Le lycéen, décrit par des élèves comme "solitaire", avait dressé une liste d'une dizaine de noms de lycéens contre lesquels il avait l'intention de se venger. Se sentait-il harcelé ? A -t-il agi par haine ? Dans quel état psychologique se trouvait -il réellement au moment des faits ? Des questions auxquelles les jurés tenteront d'obtenir des réponses afin de fixer une peine juste.

"On pensait que c'était un attentat"

Une attaque traumatisante qui avait suscité de l'angoisse chez un certain nombre d'élèves qui avaient eu du mal à retourner en cours, accompagnés par une cellule psychologique mise en place au sein de l'établissement. 

Marie (son prénom a été changée, elle souhaite rester anonyme) était en cours d'histoire-géo quand la fusillade a éclaté, elle a d'abord cru à un attentat durant plusieurs minutes. Huit mois plus tôt, à Nice, l'attentat au camion faisait 86 morts sur la Promenade des anglais.

Notre professeur a vu une personne armée dans la cour, il y a alors eu un mouvement de foule, c'était sauve qui peu, on a tous couru. Il n'y a qu'une entrée principale par les marches du lycée, de crainte qu'il y ait plusieurs personnes armées, nous avons escaladé les grands grillages, je me souviens m'être griffée le ventre. C'est choquant bien-sûr, j'ai des amis qui ne voulaient plus venir au lycée. 

Marco raconte qu'il était lui devant la cantine quand il a vu le lycéen tirer au fusil sur des vitres."J'étais avec une camarade, on s'est enfuis à temps, on a prévenu des gens devant le lycée qui arrivaient en voiture de ne pas entrer. On a cru que c'était un attentat. Le jour du retour au lycée, quand l'alarme incendie a retenti accidentellement, certains se sont effondrés en larmes au son de cette sirène d'alerte qui avait retenti pour prévenir de l'attaque."

Une maman d'élève raconte que son fils a été "très perturbé par cette fusillade". Elle raconte qu'il jouait au foot lorsqu'il a aperçu le tireur armé qui les visait lui et ses amis : "c'était un jeune qu'il appréciait, il a pensé que c'était un acte terroriste, il s'est dit je vais mourir aujourd'hui."

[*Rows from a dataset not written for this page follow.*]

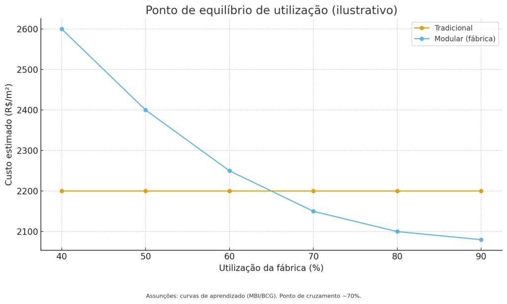 • Escala e repetição: a curva de aprendizado desloca o custo unitário conforme a utilização da fábrica. A simulação (Figura 4) indica breakeven próximo a 70% de utilização — coerente com literatura sobre off-site e dados setoriais. BCG+1
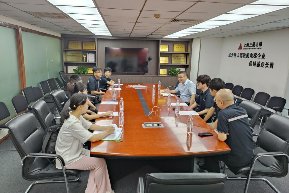 上海三菱电梯有限公司江苏分公司蒋总、秦教务长、实习生代表和系部访企教师进行了座谈交流。蒋总对学校学生的表现给予了充分肯定,表示实习生都虚心好学、勤勉踏实,有着较强动手能力,大多都能保质保量完成师傅交代的任务。
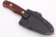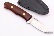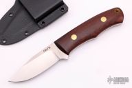 The Model 2, by Dan Crotts, features a drop point style blade with a full tang construction. 128" blade Stock. 1.01" blade depth. The handle has cocobolo scales with brass pins and lanyard tube. Includes kydex sheath. New from maker.
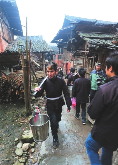 ▲上午,村寨的小伙子组成“讨酒”队,挨家到邻村姑娘家中“讨酒”。
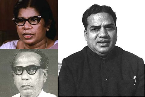 (clockwise from top left) K.R. Gowri Amma, revenue minister in the first EMS government; A.K. Gopalan, leader of the Opposition in the first Lok Sabha, 1952 and later one of the CPI(M)’s founders; Joseph Mundassery, education minister under EMS, 1957-59
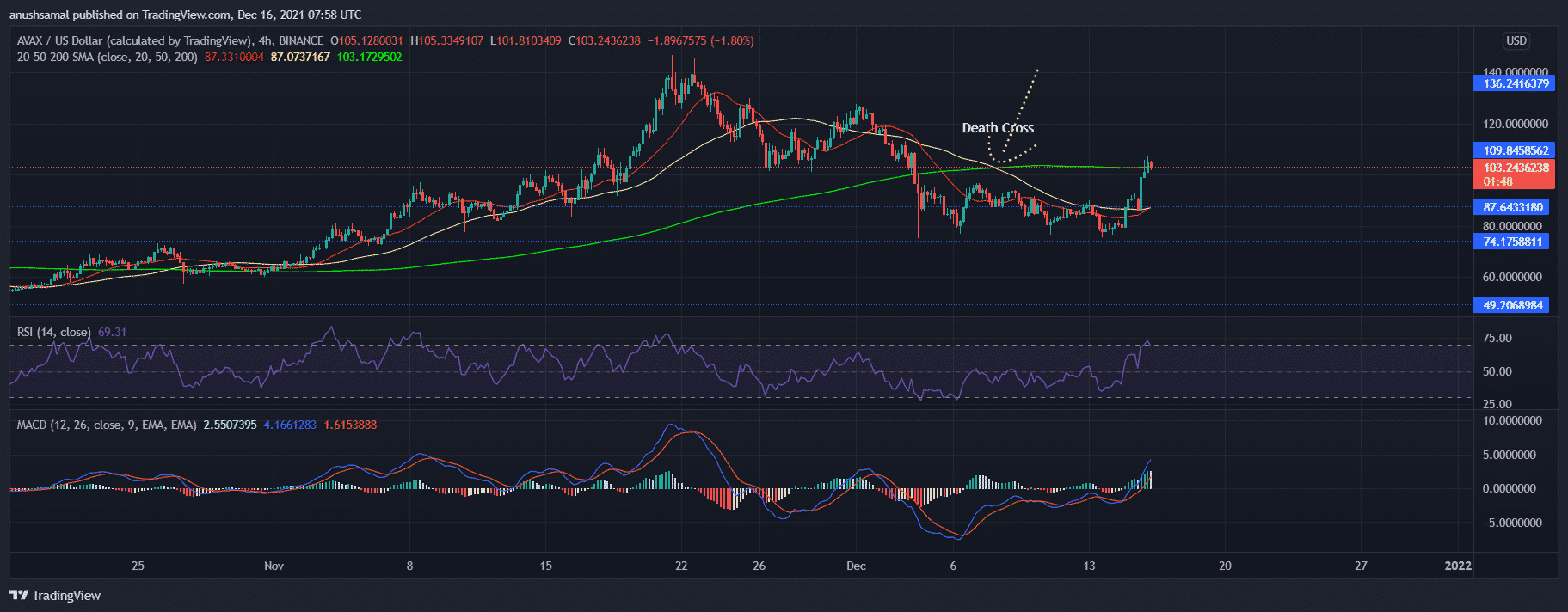 After a period of intense sell-off, as witnessed post the Death Cross, Avalanche was successful in invalidating its bearish thesis due to recent developments. The immediate resistance level of the coin stood at $109.84, and if the bulls don’t tire out immediately, the coin could find itself trading near the $120 mark. The local support level for the coin stood at $87.64, falling below which there’s solid support at the $74.17 price level.

Cette mère de famille, membre à l'époque de l'association des parents d'élèves du lycée salue à nouveau "le courage du proviseur", Hervé Pizzinat. Il s'était interposé pour tenter de dialoguer avec le lycéen, de le désarmer mais avait reçu une balle dans le bras. Il a été fait chevalier, trois semaines après les faits, de la légion d'honneur. "C'était un homme bienveillant, empathique, à l'écoute et au service de ses élèves. Il a changé d'établissement ensuite, et on le sentait très atteint par le fait de ne pas avoir convaincu le tireur de s'arrêter."

Les deux accusés, le tireur et son complice, mineurs au moment des faits, encourent jusqu'à 20 ans de réclusion criminelle. Le procès débute à 14 heures ce lundi. L'accusé sera défendu par le très médiatique avocat Eric Dupont Moretti. Le lundi 2 mars à 14h00 va s’ouvrir devant la Cour d’Assises des Mineurs de Nice un procès hors norme.

Les avocats du Barreau de Grasse toujours en grève contre la réforme des retraites et déterminés à faire entendre la cause de la profession se rassembleront devant le palais de justice de Nice lundi à 13h30. "Au-delà du projet actuel de réforme des retraites, le gouvernement souhaite poursuivre ses réformes notamment sur la justice pénale des mineurs et l’aide juridictionnelle. L’accès à l’avocat ne doivent pas être de vains mots de façade." précise le bâtonnier dans un communiqué.